Source data Block Start
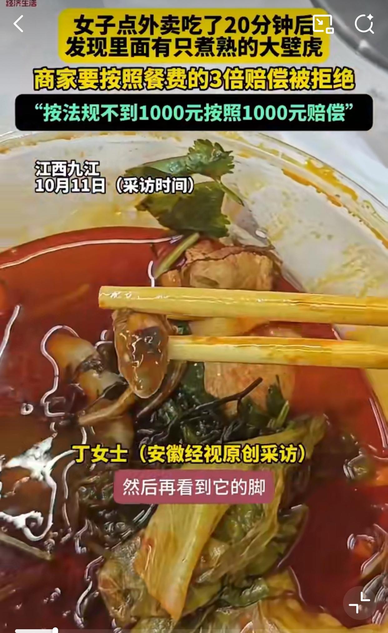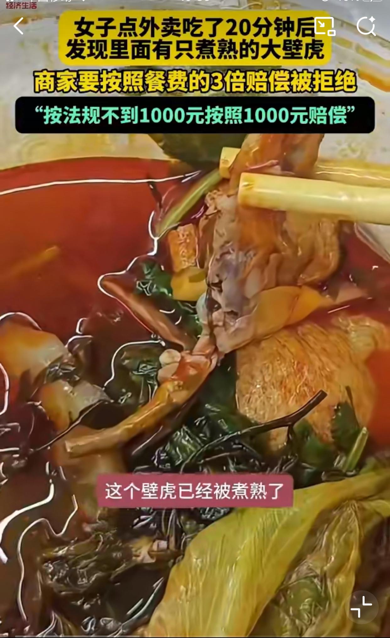 好消息:没有毒! 坏消息:我想吐! 近日江西九江的丁女士点了一份麻辣烫外卖,可在丁女士吃到一半时,发现了“惊喜”,一只煮熟的大壁虎沉睡在里面,丁女士瞬间恶心坏了🤮 于是联系了商家,由于后厨没监控,也不知道壁虎从哪来,商家说可能是从天花板上掉落进去的,商家愿意进行三倍赔偿(原价20),丁女士不同意,丁女士说:根据食品安全法148条,不符合食品安全标准的的食品,3倍赔偿,不足1000的按1000赔偿!但商家不愿意,让丁女士走法律程序! 截止目前还在调查当中,最终判定要等卫生核查结果! 吃外卖吃到意外的加餐,真的是太恶心了,这怕是都会吃出阴影来了!如果是你,你会接受商家的三倍赔偿吗?
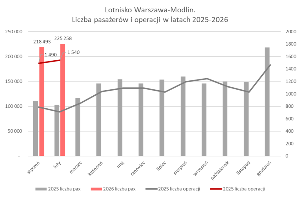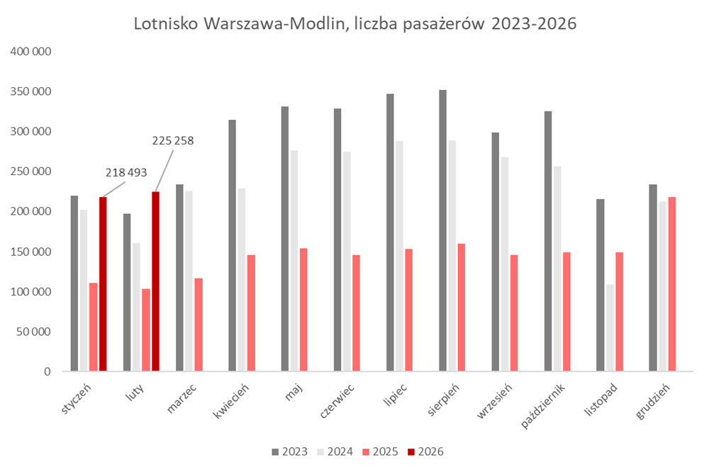 Luty okazał się więc czwartym miesiącem z rzędu ze wzrostem ruchu. Kolejne miesiące również przyniosą dużą poprawę rok do roku, dzięki czemu niskokosztowe lotnisko powinno obsłużyć w 2026 roku ponad 2,5 miliona pasażerów.
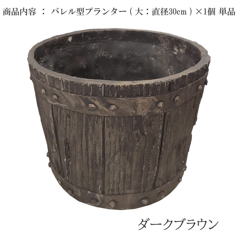 バレル型プランター 直径30cmタイプ プランター ガーデンプランター 鉢植え 植木鉢 30cm幅 ダークブラウン おすすめ おしゃれ 北欧 モダン プランターカバー 庭 ガーデニング 花壇 玄関 ベランダ バルコニー 菜園 庭園 家庭菜園 観葉植物 多肉植物 野菜 果物 バラ トマト ミニトマト コマツナ シシトウ トウガラシ ワケギ アサツキ ナス ミズナ アリッサム ガウラ クレマチス スミレ チューリップ ハゴロモジャスミン
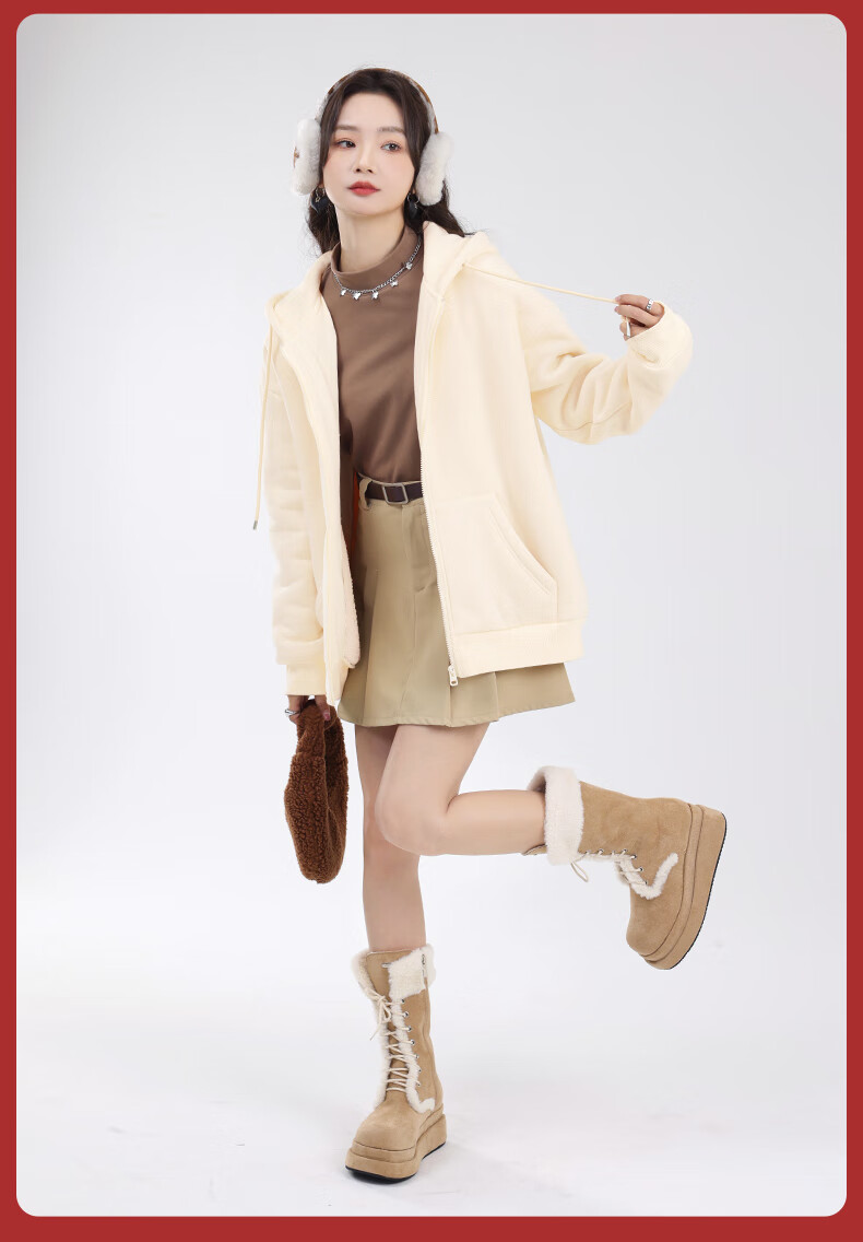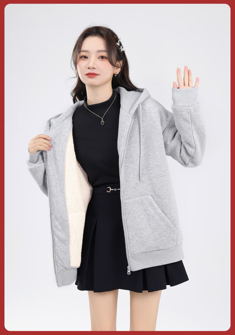 Warrior winter warm cardigan sweatshirt for women 2025 sherpa plus velvet thickened trendy fashion versatile hooded jacket
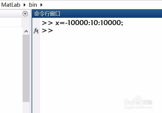 第二步,使用“-10000:10:10000;”创建一维数组,表示从-10000到10000,每隔10会取一个数字。这个一维数组用来作为函数点的横坐标。
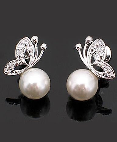kelebek figürlü şık inci küpe modeli
Source data Block End
• [Task item]
Write out exactly the opening lines of the data, stopping after the line that holds "バレル型プランター 直径30cmタイプ プランター". Exclude pictures.

• [Answer box]
 好消息:没有毒! 坏消息:我想吐! 近日江西九江的丁女士点了一份麻辣烫外卖,可在丁女士吃到一半时,发现了“惊喜”,一只煮熟的大壁虎沉睡在里面,丁女士瞬间恶心坏了🤮 于是联系了商家,由于后厨没监控,也不知道壁虎从哪来,商家说可能是从天花板上掉落进去的,商家愿意进行三倍赔偿(原价20),丁女士不同意,丁女士说:根据食品安全法148条,不符合食品安全标准的的食品,3倍赔偿,不足1000的按1000赔偿!但商家不愿意,让丁女士走法律程序! 截止目前还在调查当中,最终判定要等卫生核查结果! 吃外卖吃到意外的加餐,真的是太恶心了,这怕是都会吃出阴影来了!如果是你,你会接受商家的三倍赔偿吗?
 Luty okazał się więc czwartym miesiącem z rzędu ze wzrostem ruchu. Kolejne miesiące również przyniosą dużą poprawę rok do roku, dzięki czemu niskokosztowe lotnisko powinno obsłużyć w 2026 roku ponad 2,5 miliona pasażerów.
 バレル型プランター 直径30cmタイプ プランター ガーデンプランター 鉢植え 植木鉢 30cm幅 ダークブラウン おすすめ おしゃれ 北欧 モダン プランターカバー 庭 ガーデニング 花壇 玄関 ベランダ バルコニー 菜園 庭園 家庭菜園 観葉植物 多肉植物 野菜 果物 バラ トマト ミニトマト コマツナ シシトウ トウガラシ ワケギ アサツキ ナス ミズナ アリッサム ガウラ クレマチス スミレ チューリップ ハゴロモジャスミン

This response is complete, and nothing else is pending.